_Excerpted records_.
:::::
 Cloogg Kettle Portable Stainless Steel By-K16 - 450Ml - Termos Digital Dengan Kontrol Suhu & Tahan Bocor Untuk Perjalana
:::::
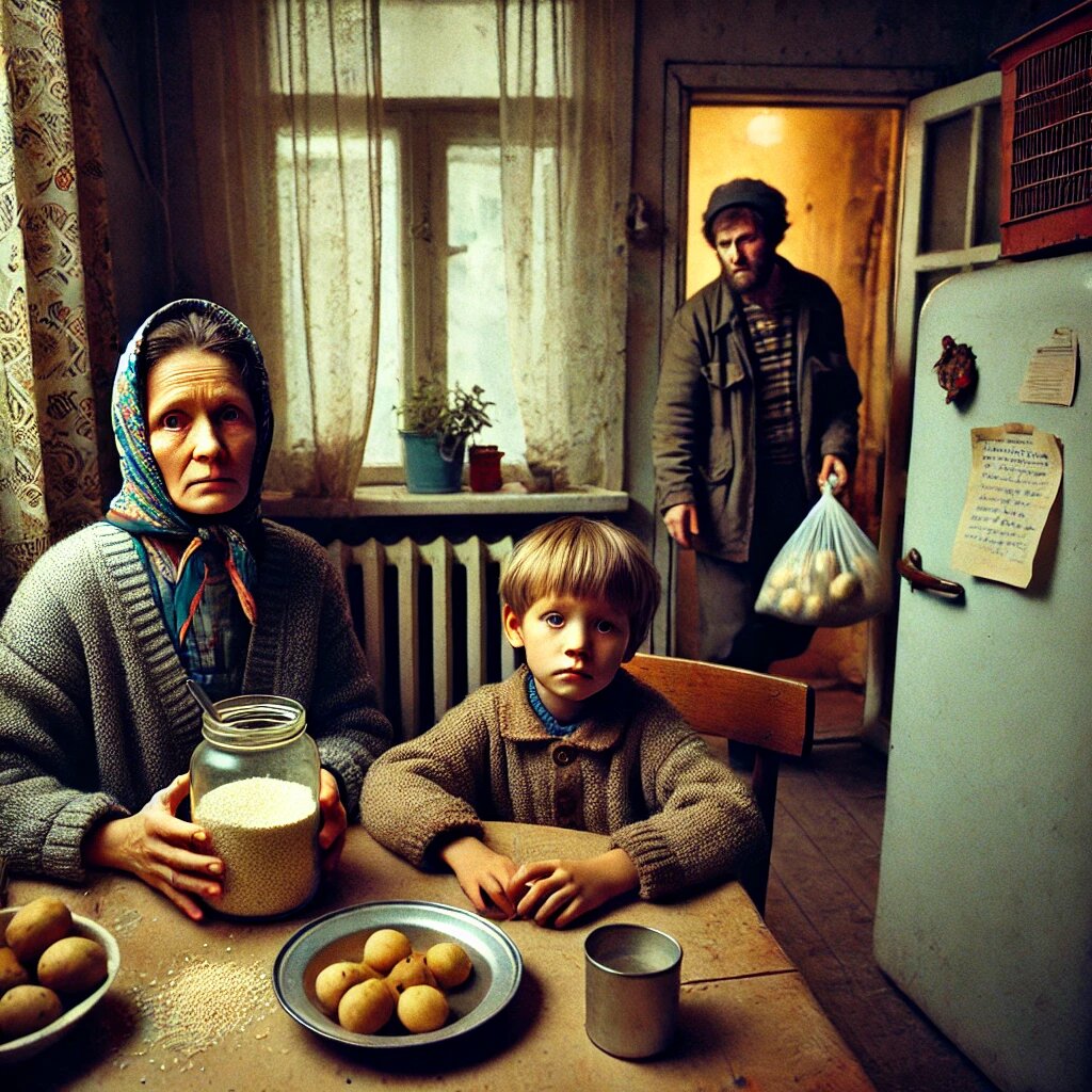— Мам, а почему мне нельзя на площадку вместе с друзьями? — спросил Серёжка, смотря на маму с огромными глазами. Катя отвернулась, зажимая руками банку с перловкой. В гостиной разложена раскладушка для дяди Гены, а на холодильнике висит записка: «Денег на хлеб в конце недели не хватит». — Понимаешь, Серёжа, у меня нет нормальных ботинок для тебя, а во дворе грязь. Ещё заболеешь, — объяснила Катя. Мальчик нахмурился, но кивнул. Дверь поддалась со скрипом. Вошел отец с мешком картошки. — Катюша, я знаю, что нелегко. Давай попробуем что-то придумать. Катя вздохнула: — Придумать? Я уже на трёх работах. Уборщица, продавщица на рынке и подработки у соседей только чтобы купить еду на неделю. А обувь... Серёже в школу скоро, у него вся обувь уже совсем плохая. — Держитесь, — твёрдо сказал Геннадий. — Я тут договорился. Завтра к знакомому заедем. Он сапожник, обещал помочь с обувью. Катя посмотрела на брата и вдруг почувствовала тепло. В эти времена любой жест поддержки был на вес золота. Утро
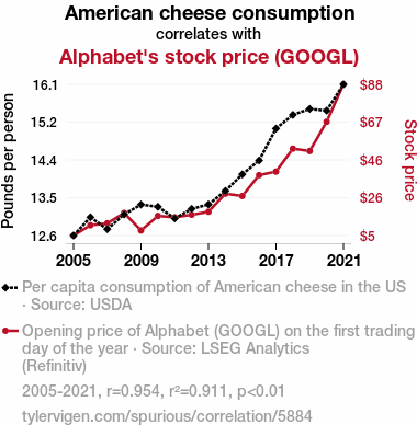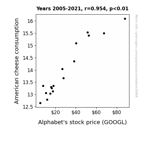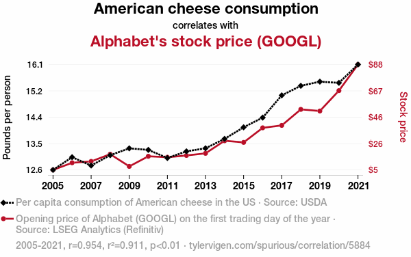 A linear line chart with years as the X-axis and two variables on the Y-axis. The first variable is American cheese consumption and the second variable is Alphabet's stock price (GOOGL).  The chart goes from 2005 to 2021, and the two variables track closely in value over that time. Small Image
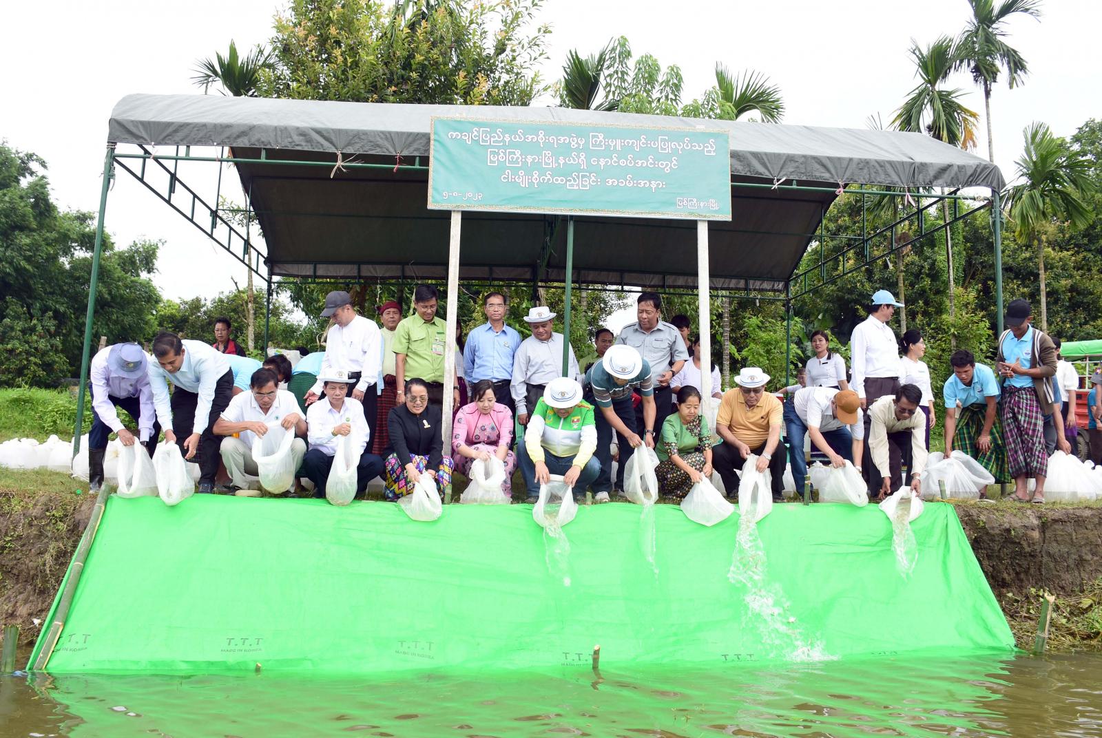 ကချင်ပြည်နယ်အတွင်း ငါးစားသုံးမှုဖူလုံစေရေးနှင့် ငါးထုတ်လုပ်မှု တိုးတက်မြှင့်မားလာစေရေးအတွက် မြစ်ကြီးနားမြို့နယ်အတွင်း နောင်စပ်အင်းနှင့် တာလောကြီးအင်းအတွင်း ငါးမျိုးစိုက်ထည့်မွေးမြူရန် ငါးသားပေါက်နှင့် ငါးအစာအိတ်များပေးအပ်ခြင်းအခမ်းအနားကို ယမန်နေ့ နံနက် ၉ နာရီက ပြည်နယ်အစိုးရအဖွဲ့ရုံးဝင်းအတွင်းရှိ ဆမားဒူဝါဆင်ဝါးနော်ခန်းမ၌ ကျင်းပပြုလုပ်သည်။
:::::
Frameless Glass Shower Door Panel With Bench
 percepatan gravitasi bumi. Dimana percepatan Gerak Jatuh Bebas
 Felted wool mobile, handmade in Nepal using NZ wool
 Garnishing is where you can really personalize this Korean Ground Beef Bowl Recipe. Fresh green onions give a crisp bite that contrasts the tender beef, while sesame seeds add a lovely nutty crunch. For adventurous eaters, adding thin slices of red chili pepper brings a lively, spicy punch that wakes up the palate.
:::::
_Task details_. Using the entries above, repeat only the lines from the one containing "percepatan gravitasi bumi." through the one containing "Felted wool mobile, handmade", end lines included.

_Answer box_.
 percepatan gravitasi bumi. Dimana percepatan Gerak Jatuh Bebas
 Felted wool mobile, handmade in Nepal using NZ wool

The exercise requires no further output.